(Exercise data)
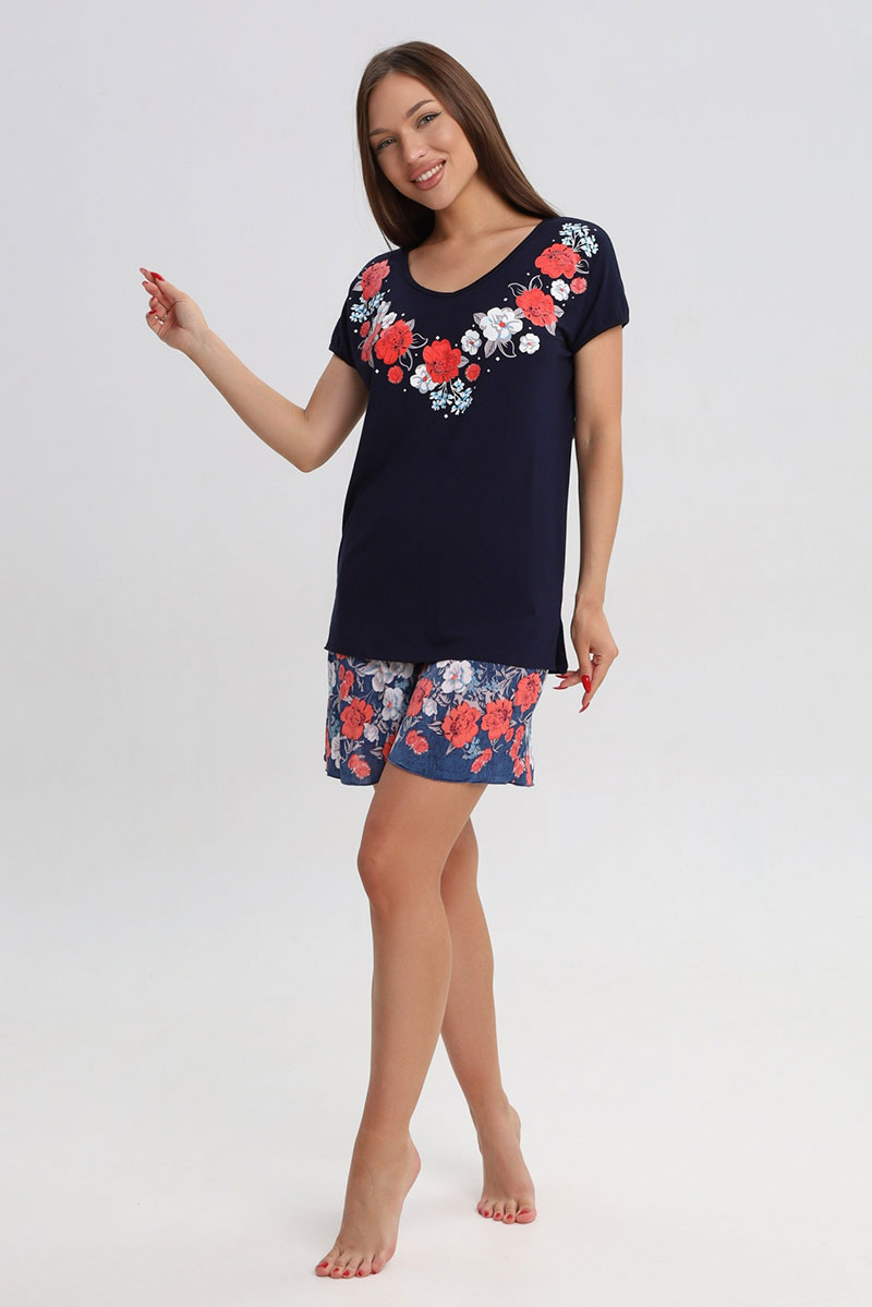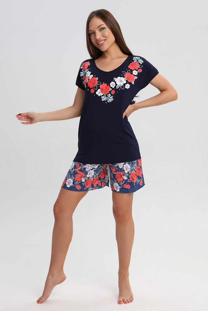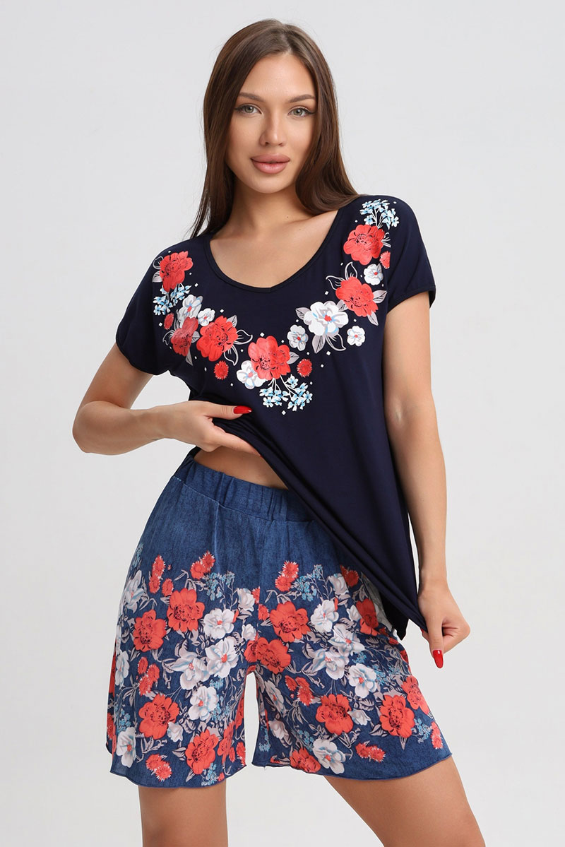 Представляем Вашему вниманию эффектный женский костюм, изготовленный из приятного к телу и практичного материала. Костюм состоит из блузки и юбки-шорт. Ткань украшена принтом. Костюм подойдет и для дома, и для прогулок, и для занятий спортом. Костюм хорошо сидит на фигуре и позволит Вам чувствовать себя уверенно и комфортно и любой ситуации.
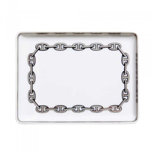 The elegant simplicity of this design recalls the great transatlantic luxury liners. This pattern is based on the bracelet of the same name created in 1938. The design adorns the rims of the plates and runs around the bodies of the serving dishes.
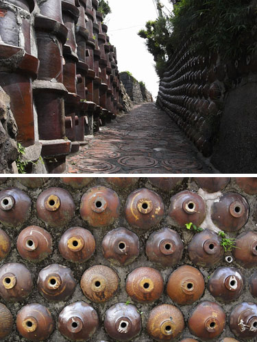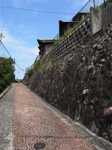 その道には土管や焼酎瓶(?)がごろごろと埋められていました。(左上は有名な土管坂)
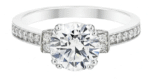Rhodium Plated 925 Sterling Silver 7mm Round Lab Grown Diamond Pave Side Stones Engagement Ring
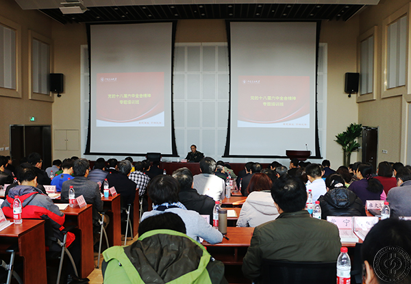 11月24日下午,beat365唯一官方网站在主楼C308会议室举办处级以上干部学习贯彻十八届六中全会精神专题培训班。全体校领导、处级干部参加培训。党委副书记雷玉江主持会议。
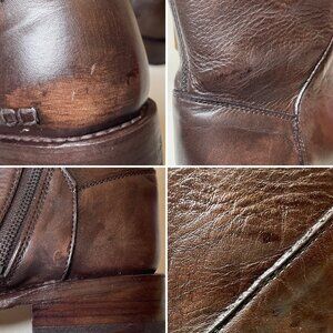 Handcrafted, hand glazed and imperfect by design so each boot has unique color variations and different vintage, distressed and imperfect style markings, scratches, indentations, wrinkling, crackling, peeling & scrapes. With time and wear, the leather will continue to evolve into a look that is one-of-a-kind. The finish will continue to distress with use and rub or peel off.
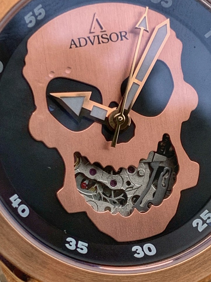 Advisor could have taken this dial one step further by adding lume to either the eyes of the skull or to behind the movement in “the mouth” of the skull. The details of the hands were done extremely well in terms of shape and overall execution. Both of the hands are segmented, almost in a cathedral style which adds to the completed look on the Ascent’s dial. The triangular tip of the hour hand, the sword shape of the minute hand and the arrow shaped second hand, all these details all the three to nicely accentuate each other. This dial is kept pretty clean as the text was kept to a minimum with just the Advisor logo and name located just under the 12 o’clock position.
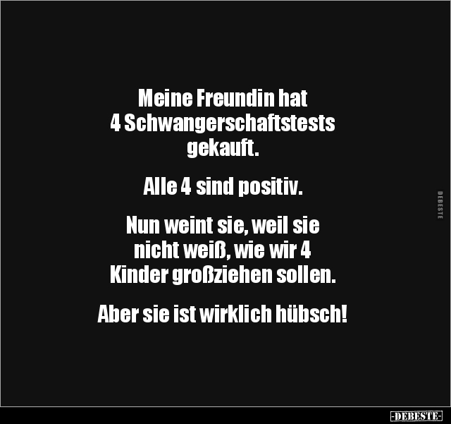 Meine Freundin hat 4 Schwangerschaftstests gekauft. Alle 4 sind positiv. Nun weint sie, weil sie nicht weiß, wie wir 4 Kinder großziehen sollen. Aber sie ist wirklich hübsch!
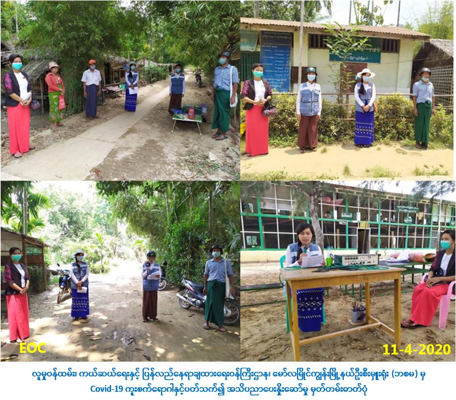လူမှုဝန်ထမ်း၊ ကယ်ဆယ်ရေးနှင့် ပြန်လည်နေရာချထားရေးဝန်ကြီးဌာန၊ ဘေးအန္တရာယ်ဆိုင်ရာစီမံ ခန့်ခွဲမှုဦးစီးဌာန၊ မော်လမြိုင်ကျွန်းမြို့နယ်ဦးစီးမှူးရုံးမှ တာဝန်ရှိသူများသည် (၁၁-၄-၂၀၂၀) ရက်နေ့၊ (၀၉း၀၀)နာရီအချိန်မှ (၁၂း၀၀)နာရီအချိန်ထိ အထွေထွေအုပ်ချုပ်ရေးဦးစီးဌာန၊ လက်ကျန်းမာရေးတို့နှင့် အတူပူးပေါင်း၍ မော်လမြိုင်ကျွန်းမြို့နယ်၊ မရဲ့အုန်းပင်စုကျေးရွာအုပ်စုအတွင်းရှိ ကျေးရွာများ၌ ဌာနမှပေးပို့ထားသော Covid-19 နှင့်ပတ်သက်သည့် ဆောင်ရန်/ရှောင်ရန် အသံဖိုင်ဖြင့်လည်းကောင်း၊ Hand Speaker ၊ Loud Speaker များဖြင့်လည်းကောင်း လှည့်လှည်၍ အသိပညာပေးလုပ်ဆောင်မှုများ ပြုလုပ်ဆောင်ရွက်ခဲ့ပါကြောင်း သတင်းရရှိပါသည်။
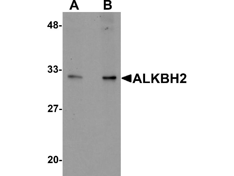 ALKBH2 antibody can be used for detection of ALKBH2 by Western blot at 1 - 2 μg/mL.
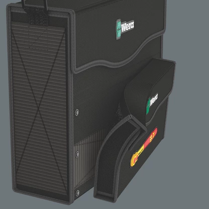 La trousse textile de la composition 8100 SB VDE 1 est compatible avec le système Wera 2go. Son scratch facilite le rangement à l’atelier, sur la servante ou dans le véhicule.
(End Exercise data)
== To do ==
From the records above, copy exactly the stretch from the line holding "The elegant simplicity" through the line holding "Handcrafted, hand glazed", both ends included, without the pictures.

== The answer ==
 The elegant simplicity of this design recalls the great transatlantic luxury liners. This pattern is based on the bracelet of the same name created in 1938. The design adorns the rims of the plates and runs around the bodies of the serving dishes.
 その道には土管や焼酎瓶(?)がごろごろと埋められていました。(左上は有名な土管坂)
Rhodium Plated 925 Sterling Silver 7mm Round Lab Grown Diamond Pave Side Stones Engagement Ring
 11月24日下午,beat365唯一官方网站在主楼C308会议室举办处级以上干部学习贯彻十八届六中全会精神专题培训班。全体校领导、处级干部参加培训。党委副书记雷玉江主持会议。
 Handcrafted, hand glazed and imperfect by design so each boot has unique color variations and different vintage, distressed and imperfect style markings, scratches, indentations, wrinkling, crackling, peeling & scrapes. With time and wear, the leather will continue to evolve into a look that is one-of-a-kind. The finish will continue to distress with use and rub or peel off.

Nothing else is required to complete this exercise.